Setelah itu mencari solusi dan memaafkan setiap kejadian-kejadian itu.
Teh uis juga menuturkan cara menghapus inner child menurut Dr. Amir Zuhdi seorang pakar neuroperenting. Menurut Dr. Amir modul
tentang masa lalu bisa terlihat dari garis tangan seseorang. Jika garis tangan
tegas, maka kenangan masa lalunya sangat keras. Karena ini bisa dijelaskan
secara ilmiah dengan hormon tubuh. Untuk hal ini tidak dijelaskan secara detil,
mungkin memang harus berguru pada pakarnya langsung. Gimana mas wahyu? Yuk budali maneh. Ada tiga cara
menghapus inner child menurut Dr.
Amir, pertma dengan mengingatnya kembali, kembali ke masa lalu tentang suka dan
dukanya. Kemudian mencari kesalahannya dan mencari penyebabnya dan yang paling
penting adalah memaafkannya. Inner child
yang negatif harus disembuhkan jika tidak akan terulang kembali ke anak dan
akan menjadi dosa jariyah.
Selanjutnya teh Uis membahas tentang “self improvment/mensucikan diiri” yang ternyata ada 5 pilar.
1.
Mu’ahadah (mengingat kembali perjanjian dengan Allah)
Dalam hal pengasuhan anak, sebagai orang tua kita
harus sadar penuh bahwa anak adalah amanah dari Allah yang kelak akan di
pertanggung jawabkan. Terkadang kita lupa (aku maksudnya) bahwa anak bukan
sepenuhnya milik kita, dimana kita bisa seenaknya berbuat sesuatu. Tiap anak
terlahir dengan fitrahnya, mereka memiliki visi tersendiri yang sengaja Allah
ciptakan. Dengan mengingat kembali perjanjian dengan Allah kita akan lebih
berhati-hati dalam menjaga amanah yang Allah titipkan. Teh Uis berpesan untuk
membuat salah satu reminder/ mu’ahadah
yang menjadi list doa tambahan untuk
pengasuhan anak.
2.
Muroqobah (mendekatkan diri pada Allah)
Tuliskan amalan khusus agar Allah bisa melihat kita
lebih dekat dalam pengasuhan anak. teh Uis memngamalakan dengan sholat hajat
sebelum membersamai anak. menurut beliau mengasuh anak adalah hajat yang sangat
besar, harus dipersiapkan secara sunguh-sunguh. Ini adalah langkah beliau dalam
mendekatkan diri ke Allah perihal pengasuhan.
3.
Mujahadah (bersungguh-sunguh)
Tuliskan dengan sunguh-sunguh dalam pengasuhan anak,
buat peta keluarga. Untuk peta keluarga saya belum paham sama sekali.
4.
Muhasabah (evaluasi pencapaian)
Evaluasi diri sebagai orangtua (fasilitaor), hubungan antara
suami dengan istri. Ini modal penting dalam menjalani kehidupan bersaa
keluarga.Perbanyak komunikasi dengan orangtua. Tulis berapa kali
sebulan/seminggu untuk evaluasi dengan suami.

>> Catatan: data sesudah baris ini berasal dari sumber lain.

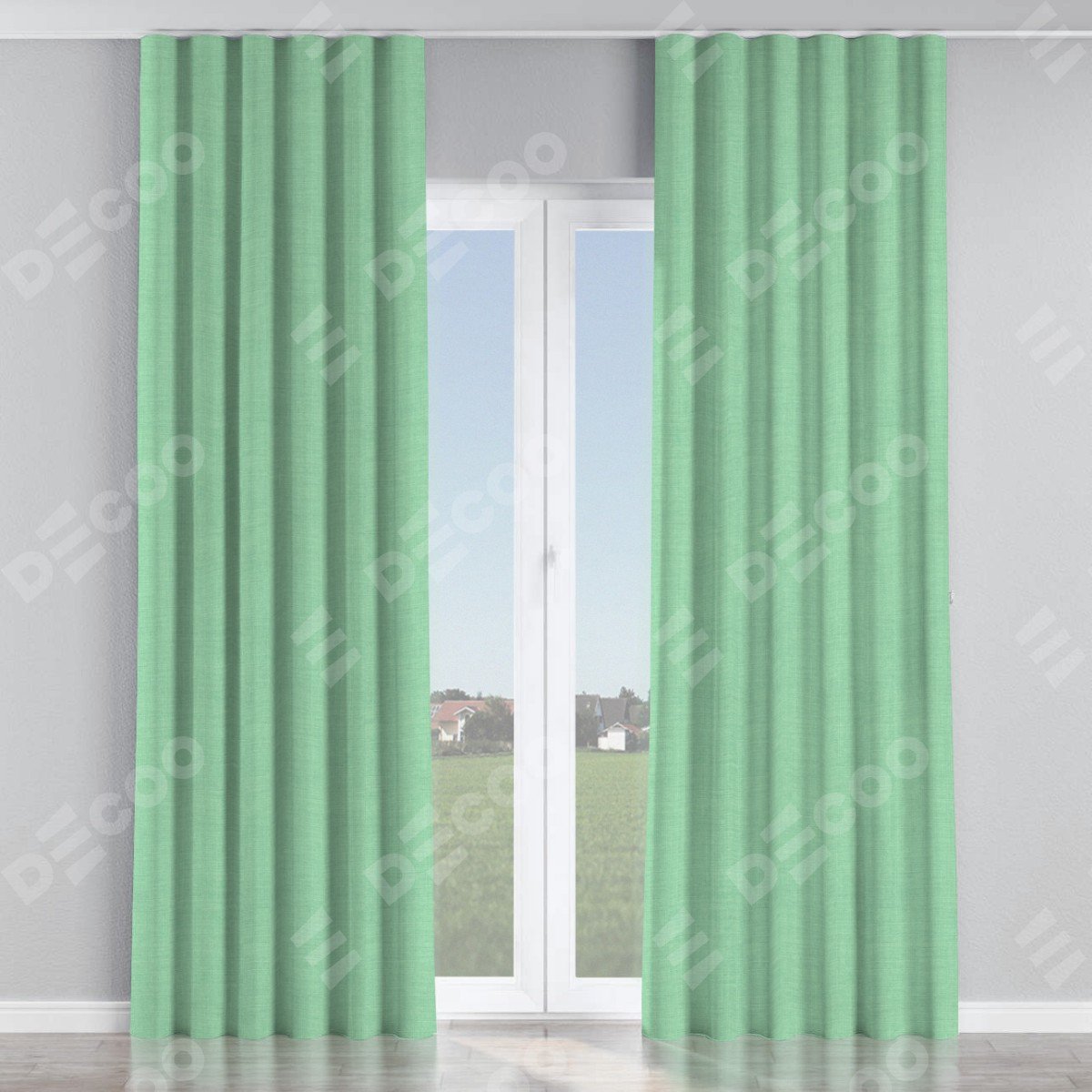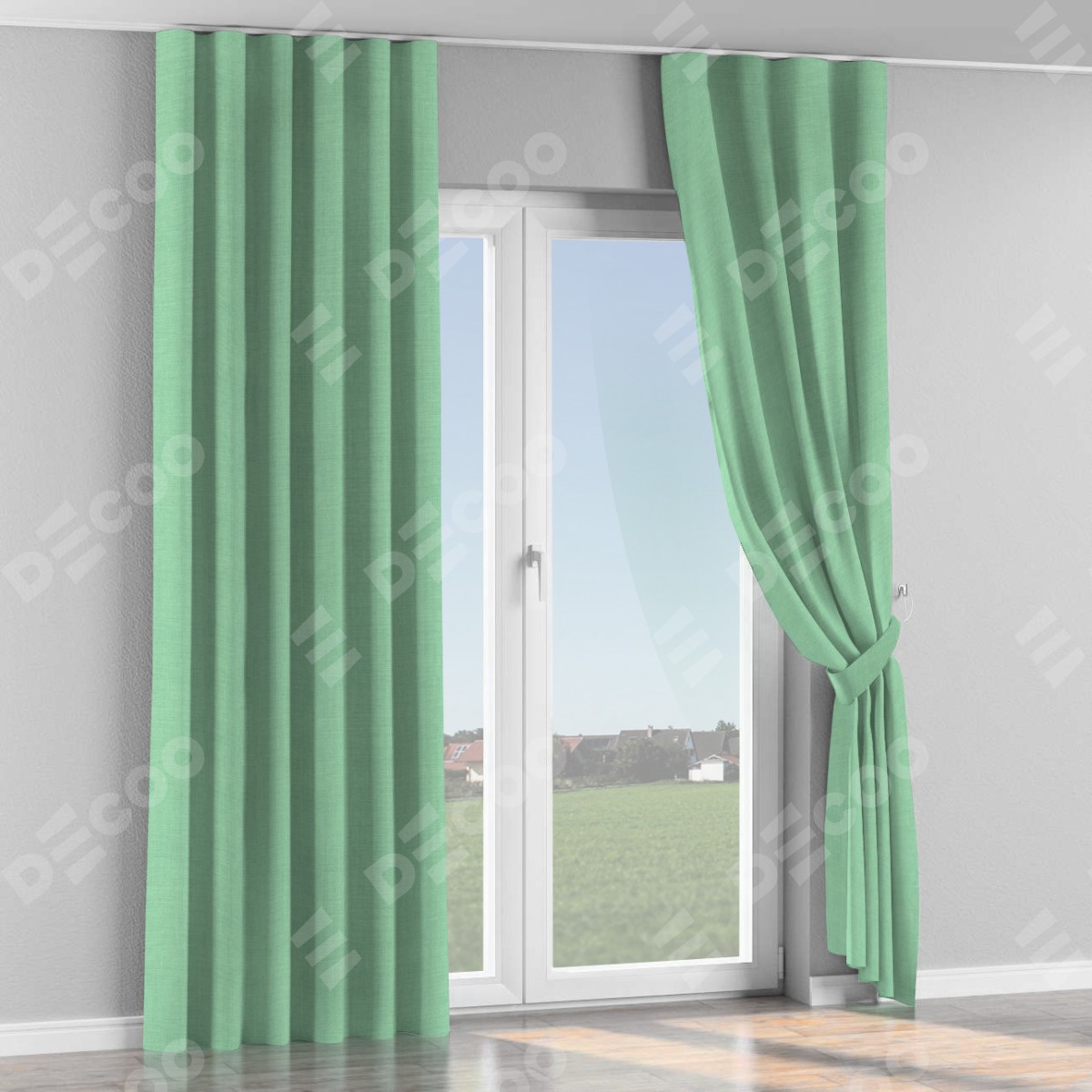 Комплект прямых штор, от производителя «Cortin», пошиты из ткани лён светло-бирюзовый, артикул ткани 74737. С изнаночной стороны в верхней части штор пристрачивается шторная лента с декоративными складками «Волна». Для создания элегантных складок прямые шторы шьются по стандарту с коэффициентом 1:2 (на 100 см. ширины проёма 200 см. ширины ткани).

Evaluasi pada anak akan lebih mudah ketika membuat
buku jurnal anak. Jadi bisa tahu tiap tumbuh kembang anak.Prinsip evaluasi tidak
sedang membandingkan anak kita dengan anak lain seusianya, tapi membandingkankan
dirinya sebelumnya dan sekarang.
5.
Muaqodah,
menghukum diri.
Tuliskan reward
dan punisment untuk diri sendiri
bukan untuk anak bisa beracuan pada evaluasi pencapian pada pilar nomor empat.
Ini hasil catatanku dan beberapa dari teman yang
mengikuti talkshow. Aku belum bisa
fokus dalam mengikuti tiap materi. Masih ada kegundahan ketika meninggalkan
Lestari di Kind Corner. Mungkin
mamang pertama kali buat kami bertiga. Termasuk pertama kalinya bagiku menulis
sebuah laporan talkshow, mohon
dimaafken ketika masih banyak kekurangan dan mbuletnya kalimat yang kubuat, sungkem satu-satu ah. Banyak
pembelajaran dari sini, semoga ke depan bisa belajar lagi dan lagi.